**Problem description**
Without including any pictures, retype exactly the lines from the top of the records through the line containing "Контейнер одноразовый круглый, черного", that final line included.

Dataset items:
== == ==
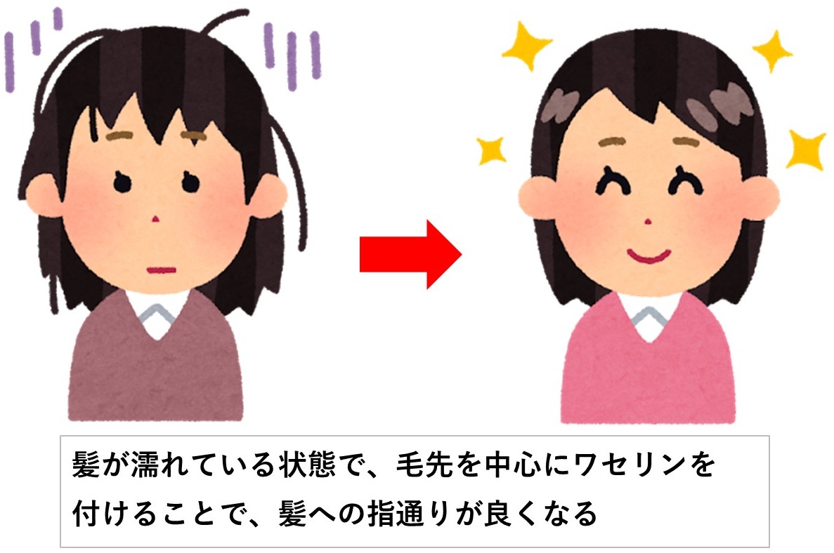 しかし、髪が濡れているうちに、毛先を中心に塗ることで、髪の内部の水分蒸発を防いだり、髪への指通りが良くなります。
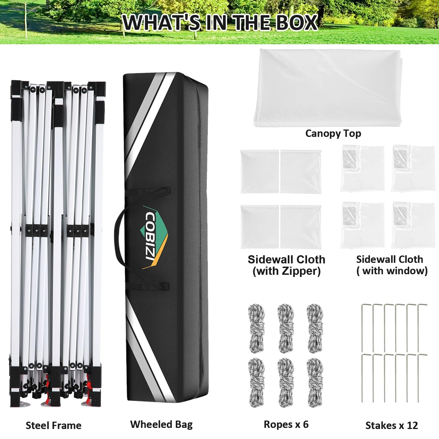 COBIZI 10x20 Pop Up Canopy Tent with Sidewalls, Commercial Ez Up Canopy, 3 Adjustable Heights, Waterproof and UV Protection 50+, Outdoor Gazebo Pop up Tent for Parties & Patio with 4 Sandbags
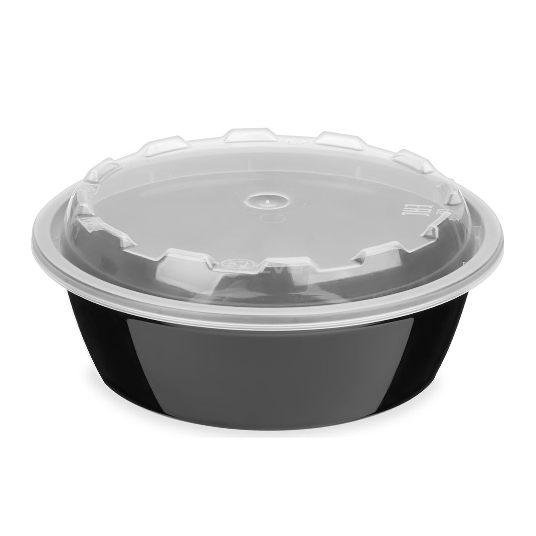Контейнер одноразовый круглый, черного цвета с прозрачной крышкой, объемом 530 мл, размером152х48мм, материал ПП, подходит для холодных и для горячих блюд. Неделимая упаковка 150 шт.
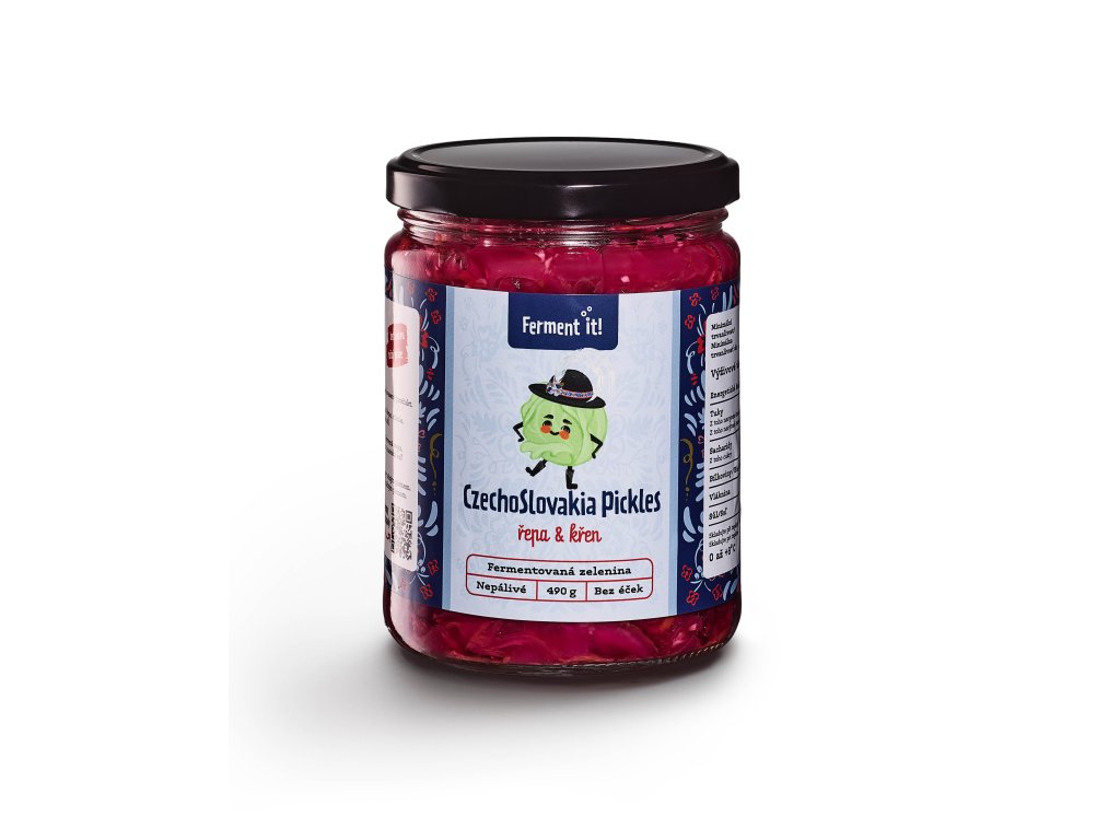 Pickles Czechoslovakia je fermentované křupavé zelí s mrkví, červenou řepou a křenem, jemně doplněné fenyklovými semínky pro tradiční, výraznou a lahodně kořeněnou chuť. Skvěle fungují k masu (vepřové, hovězí, pečené kuře, sekaná), k uzeninám a zabijačkovým jídlům, k řízkům a karbanátkům, k bramborám na všechny způsoby (vařené, kaše, pečené), k luštěninám a čočce, ke chlebíčkům a sendvičům, k paštikám a sýrům, k vajíčkům, nebo jako kyselý kontrast k hutným omáčkám.
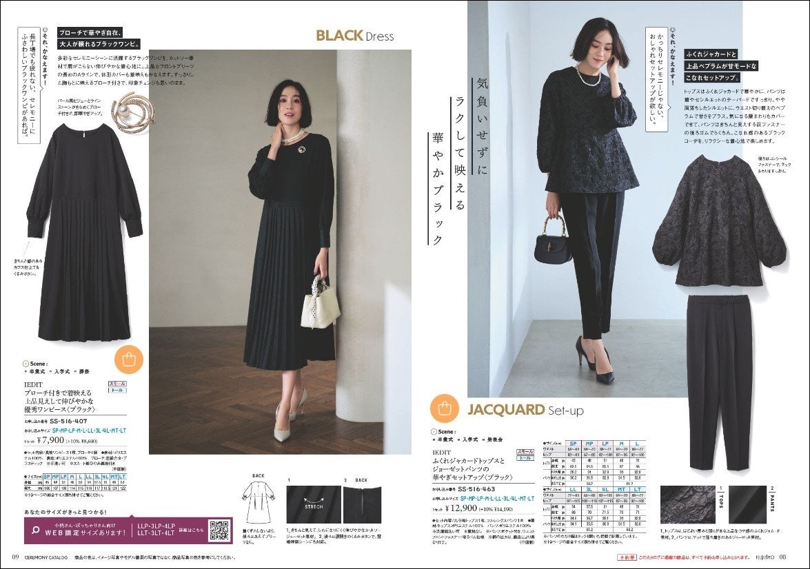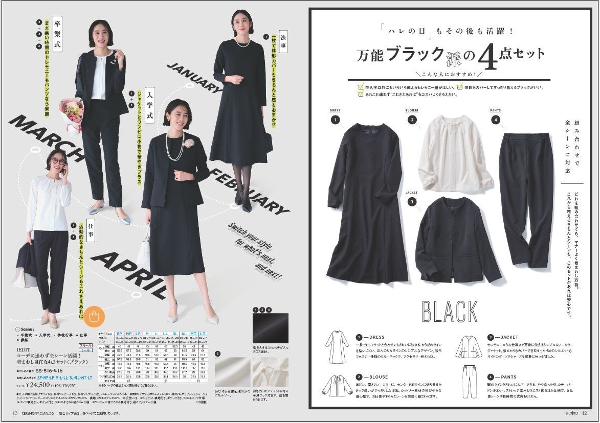 卒入学だけでなく、幅広いセレモニーシーンに対応できる万能セットです。体形をカバーしつつ、すっきりとしたブラックで品よく着こなせます。
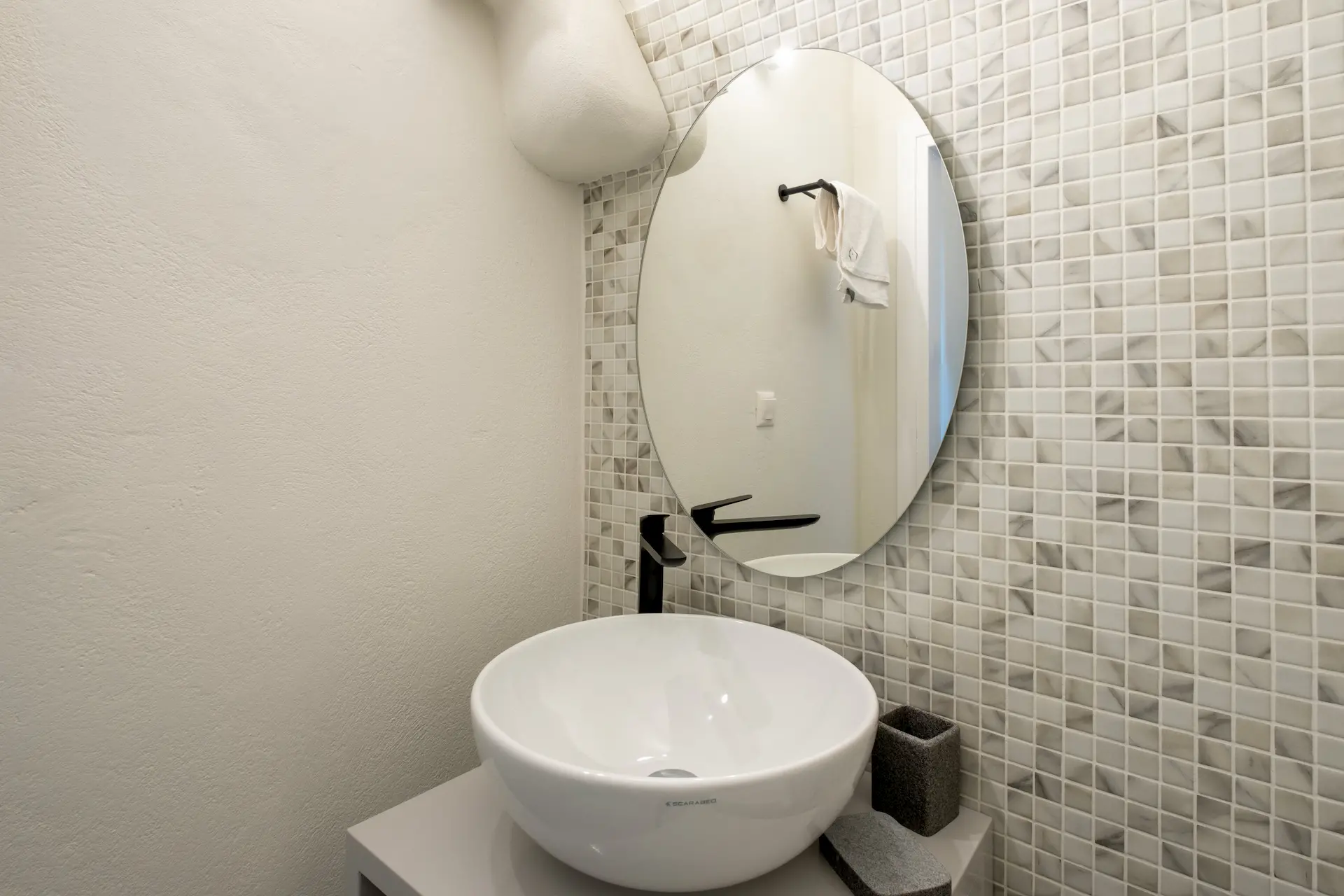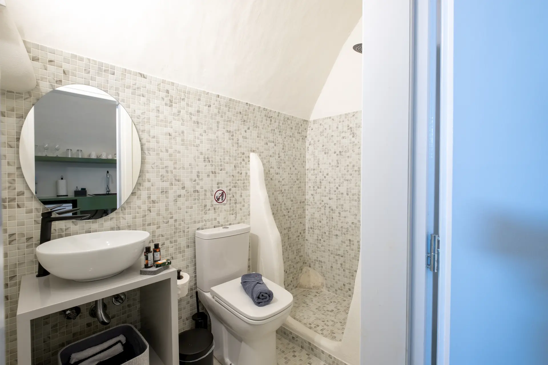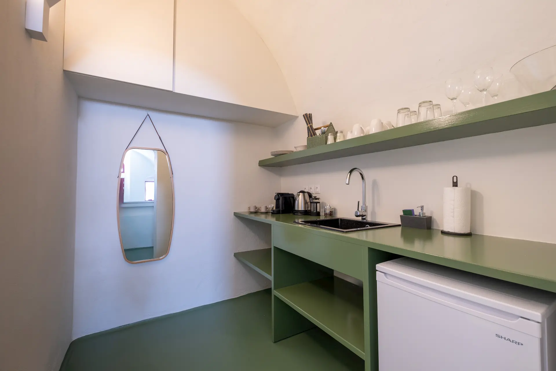 Το στούντιο έχει άμεση πρόσβαση σε εσωτερική βεράντα και οι επισκέπτες μπορούν να επωφεληθούν από την αυλή της οροφής με την εκπληκτική θέα στο μυστικιστικό ηλιοβασίλεμα της Σαντορίνης. Στους επισκέπτες μας, διατίθενται προϊόντα καλωσορίσματος, δωρεάν προϊόντα περιποίησης καθώς και μπουρνούζια.
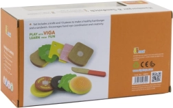 Ta VIGA lesena set hamburgerja in sendviča je idealna za majhne otroke, ki radi posnemajo odrasle pri kuhanju. Barvne in varne lesene komponente, kot so štručke, solata, paradižnik in sir, omogočajo neomejeno igro in ustvarjalnost. Igrača pomaga v razvoju:
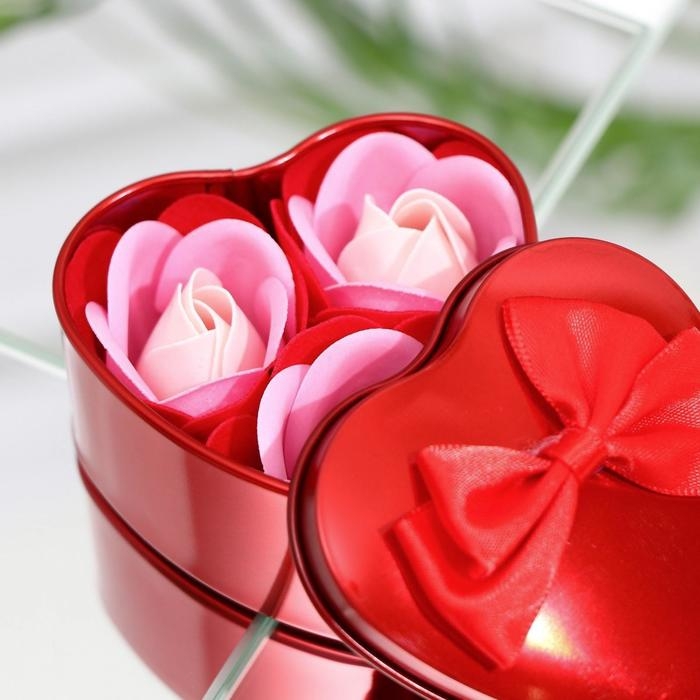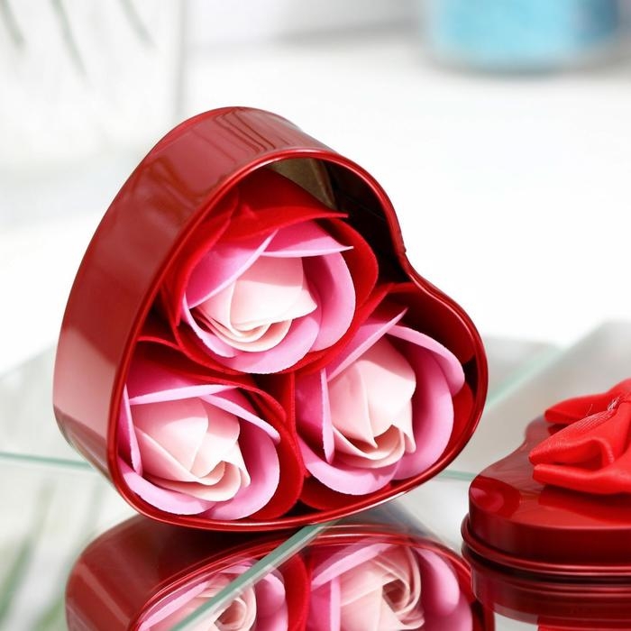 Мыльные розы в коробке, розовые, набор 3 шт
== == ==
**Solved exercise**
 しかし、髪が濡れているうちに、毛先を中心に塗ることで、髪の内部の水分蒸発を防いだり、髪への指通りが良くなります。
 COBIZI 10x20 Pop Up Canopy Tent with Sidewalls, Commercial Ez Up Canopy, 3 Adjustable Heights, Waterproof and UV Protection 50+, Outdoor Gazebo Pop up Tent for Parties & Patio with 4 Sandbags
Контейнер одноразовый круглый, черного цвета с прозрачной крышкой, объемом 530 мл, размером152х48мм, материал ПП, подходит для холодных и для горячих блюд. Неделимая упаковка 150 шт.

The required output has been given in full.